What this task involves: Set down the first line below and each line after it, ending with the one that holds "Élégants autocollants de". Pictures do not belong in the copy.

START Dataset excerpt

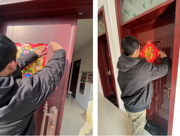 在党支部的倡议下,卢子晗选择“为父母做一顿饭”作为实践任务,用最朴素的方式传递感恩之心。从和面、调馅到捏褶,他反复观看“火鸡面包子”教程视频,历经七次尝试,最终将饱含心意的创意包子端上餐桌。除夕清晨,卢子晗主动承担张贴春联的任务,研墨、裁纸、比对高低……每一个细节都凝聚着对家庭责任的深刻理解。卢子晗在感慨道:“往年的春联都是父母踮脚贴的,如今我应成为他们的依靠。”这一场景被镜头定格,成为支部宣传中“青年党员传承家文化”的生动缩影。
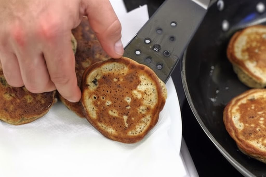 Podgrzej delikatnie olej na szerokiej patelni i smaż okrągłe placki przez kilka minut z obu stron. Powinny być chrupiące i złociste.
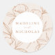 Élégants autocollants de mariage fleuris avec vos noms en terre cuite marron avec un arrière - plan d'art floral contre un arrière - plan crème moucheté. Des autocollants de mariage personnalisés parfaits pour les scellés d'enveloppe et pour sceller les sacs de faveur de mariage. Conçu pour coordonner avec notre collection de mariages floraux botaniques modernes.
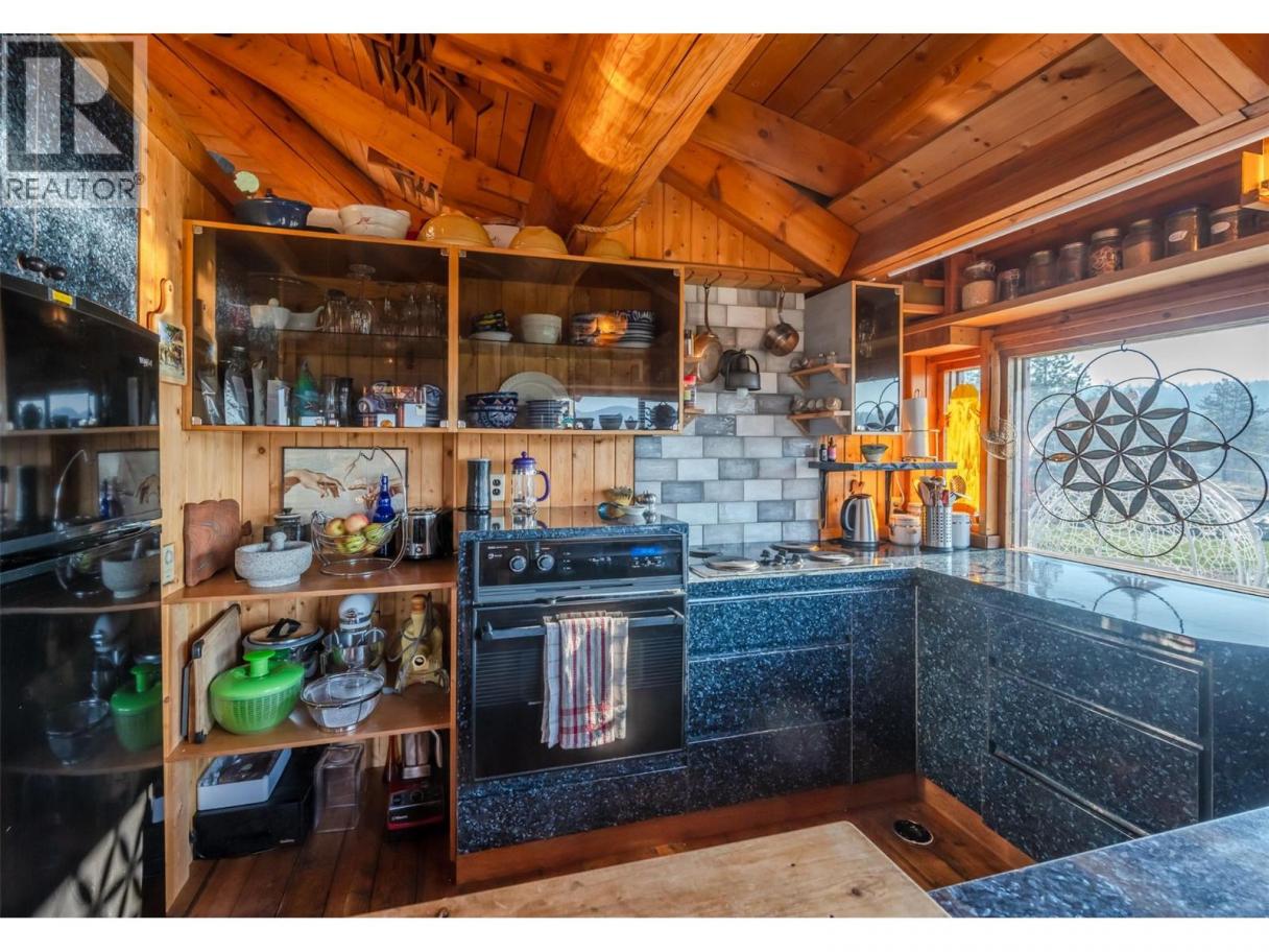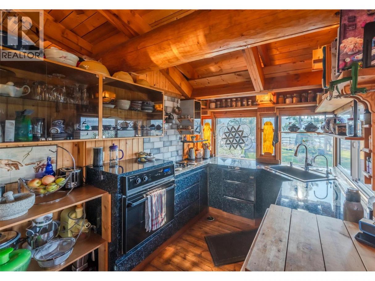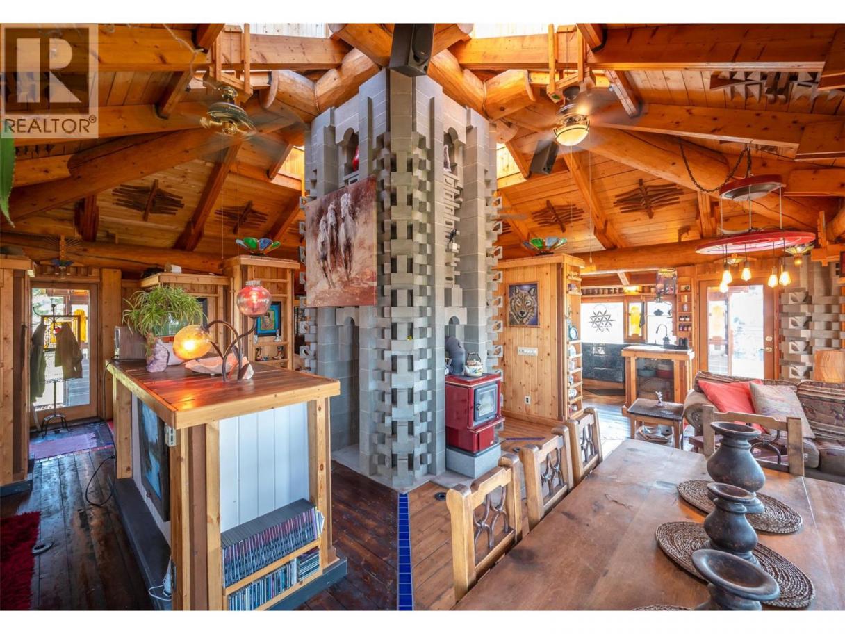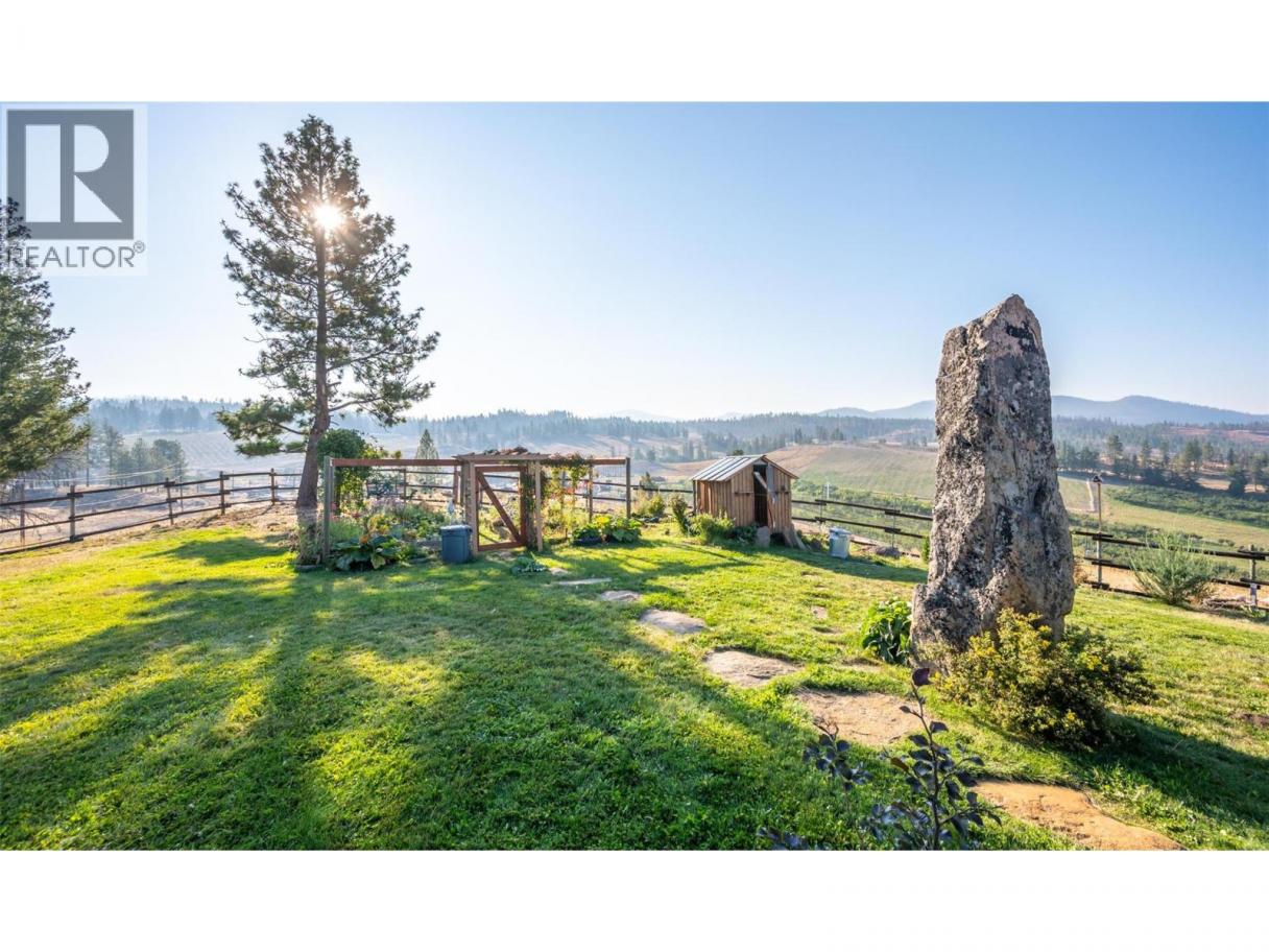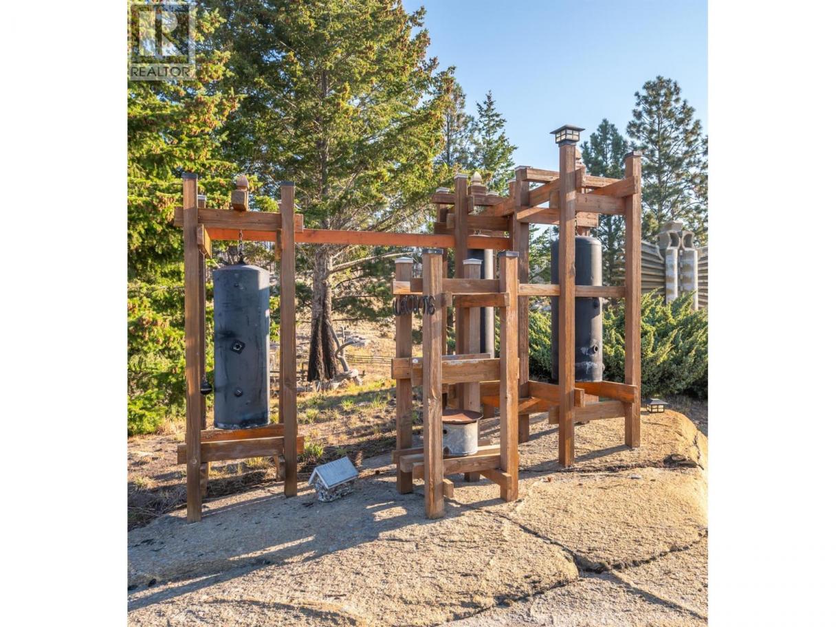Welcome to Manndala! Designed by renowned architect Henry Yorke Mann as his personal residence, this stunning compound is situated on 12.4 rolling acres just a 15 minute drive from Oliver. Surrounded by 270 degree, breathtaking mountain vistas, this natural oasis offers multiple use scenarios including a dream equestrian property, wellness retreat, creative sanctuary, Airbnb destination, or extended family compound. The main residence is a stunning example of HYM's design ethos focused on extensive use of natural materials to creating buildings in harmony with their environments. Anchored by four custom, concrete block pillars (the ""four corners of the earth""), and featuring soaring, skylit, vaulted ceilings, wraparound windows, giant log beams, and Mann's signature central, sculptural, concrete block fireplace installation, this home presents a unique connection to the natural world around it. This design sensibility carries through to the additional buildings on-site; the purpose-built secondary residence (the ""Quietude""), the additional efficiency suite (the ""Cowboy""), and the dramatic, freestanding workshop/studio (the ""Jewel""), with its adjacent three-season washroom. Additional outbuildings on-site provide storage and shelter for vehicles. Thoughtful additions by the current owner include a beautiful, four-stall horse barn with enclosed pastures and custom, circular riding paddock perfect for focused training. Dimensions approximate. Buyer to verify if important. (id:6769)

END Dataset excerpt

Written answer:
 在党支部的倡议下,卢子晗选择“为父母做一顿饭”作为实践任务,用最朴素的方式传递感恩之心。从和面、调馅到捏褶,他反复观看“火鸡面包子”教程视频,历经七次尝试,最终将饱含心意的创意包子端上餐桌。除夕清晨,卢子晗主动承担张贴春联的任务,研墨、裁纸、比对高低……每一个细节都凝聚着对家庭责任的深刻理解。卢子晗在感慨道:“往年的春联都是父母踮脚贴的,如今我应成为他们的依靠。”这一场景被镜头定格,成为支部宣传中“青年党员传承家文化”的生动缩影。
 Podgrzej delikatnie olej na szerokiej patelni i smaż okrągłe placki przez kilka minut z obu stron. Powinny być chrupiące i złociste.
 Élégants autocollants de mariage fleuris avec vos noms en terre cuite marron avec un arrière - plan d'art floral contre un arrière - plan crème moucheté. Des autocollants de mariage personnalisés parfaits pour les scellés d'enveloppe et pour sceller les sacs de faveur de mariage. Conçu pour coordonner avec notre collection de mariages floraux botaniques modernes.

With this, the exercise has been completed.